◆ INPUT:
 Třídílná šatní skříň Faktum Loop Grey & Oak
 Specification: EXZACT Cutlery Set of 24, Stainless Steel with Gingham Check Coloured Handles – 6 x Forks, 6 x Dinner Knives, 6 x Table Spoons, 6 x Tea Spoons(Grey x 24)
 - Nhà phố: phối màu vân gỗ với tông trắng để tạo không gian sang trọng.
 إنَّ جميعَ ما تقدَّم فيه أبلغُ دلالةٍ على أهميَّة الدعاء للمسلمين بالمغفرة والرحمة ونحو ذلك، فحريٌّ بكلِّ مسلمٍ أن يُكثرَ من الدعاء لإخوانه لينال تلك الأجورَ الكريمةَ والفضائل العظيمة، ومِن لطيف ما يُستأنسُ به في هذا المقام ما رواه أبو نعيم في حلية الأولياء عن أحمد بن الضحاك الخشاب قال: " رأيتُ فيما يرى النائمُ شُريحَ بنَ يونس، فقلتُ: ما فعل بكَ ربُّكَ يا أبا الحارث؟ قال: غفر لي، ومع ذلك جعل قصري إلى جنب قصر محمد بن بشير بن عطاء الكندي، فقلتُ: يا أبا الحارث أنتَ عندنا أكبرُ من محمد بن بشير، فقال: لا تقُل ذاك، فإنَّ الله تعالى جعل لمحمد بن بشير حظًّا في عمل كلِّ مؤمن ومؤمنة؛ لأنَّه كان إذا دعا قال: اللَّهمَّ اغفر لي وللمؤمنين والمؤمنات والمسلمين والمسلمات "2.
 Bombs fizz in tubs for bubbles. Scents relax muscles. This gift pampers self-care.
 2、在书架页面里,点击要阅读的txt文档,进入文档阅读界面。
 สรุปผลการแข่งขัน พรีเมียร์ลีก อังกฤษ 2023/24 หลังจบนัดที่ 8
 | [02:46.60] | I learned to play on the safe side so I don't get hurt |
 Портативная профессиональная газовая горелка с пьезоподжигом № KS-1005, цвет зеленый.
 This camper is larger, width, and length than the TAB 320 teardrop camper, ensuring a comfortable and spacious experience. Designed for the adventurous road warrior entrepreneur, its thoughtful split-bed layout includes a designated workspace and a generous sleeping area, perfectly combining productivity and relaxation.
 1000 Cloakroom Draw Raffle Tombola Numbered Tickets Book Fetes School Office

◆ EXERCISE:
Copy out each line of the records character for character.

◆ WORKED SOLUTION:
 Třídílná šatní skříň Faktum Loop Grey & Oak
 Specification: EXZACT Cutlery Set of 24, Stainless Steel with Gingham Check Coloured Handles – 6 x Forks, 6 x Dinner Knives, 6 x Table Spoons, 6 x Tea Spoons(Grey x 24)
 - Nhà phố: phối màu vân gỗ với tông trắng để tạo không gian sang trọng.
 إنَّ جميعَ ما تقدَّم فيه أبلغُ دلالةٍ على أهميَّة الدعاء للمسلمين بالمغفرة والرحمة ونحو ذلك، فحريٌّ بكلِّ مسلمٍ أن يُكثرَ من الدعاء لإخوانه لينال تلك الأجورَ الكريمةَ والفضائل العظيمة، ومِن لطيف ما يُستأنسُ به في هذا المقام ما رواه أبو نعيم في حلية الأولياء عن أحمد بن الضحاك الخشاب قال: " رأيتُ فيما يرى النائمُ شُريحَ بنَ يونس، فقلتُ: ما فعل بكَ ربُّكَ يا أبا الحارث؟ قال: غفر لي، ومع ذلك جعل قصري إلى جنب قصر محمد بن بشير بن عطاء الكندي، فقلتُ: يا أبا الحارث أنتَ عندنا أكبرُ من محمد بن بشير، فقال: لا تقُل ذاك، فإنَّ الله تعالى جعل لمحمد بن بشير حظًّا في عمل كلِّ مؤمن ومؤمنة؛ لأنَّه كان إذا دعا قال: اللَّهمَّ اغفر لي وللمؤمنين والمؤمنات والمسلمين والمسلمات "2.
 Bombs fizz in tubs for bubbles. Scents relax muscles. This gift pampers self-care.
 2、在书架页面里,点击要阅读的txt文档,进入文档阅读界面。
 สรุปผลการแข่งขัน พรีเมียร์ลีก อังกฤษ 2023/24 หลังจบนัดที่ 8
 | [02:46.60] | I learned to play on the safe side so I don't get hurt |
 Портативная профессиональная газовая горелка с пьезоподжигом № KS-1005, цвет зеленый.
 This camper is larger, width, and length than the TAB 320 teardrop camper, ensuring a comfortable and spacious experience. Designed for the adventurous road warrior entrepreneur, its thoughtful split-bed layout includes a designated workspace and a generous sleeping area, perfectly combining productivity and relaxation.
 1000 Cloakroom Draw Raffle Tombola Numbered Tickets Book Fetes School Office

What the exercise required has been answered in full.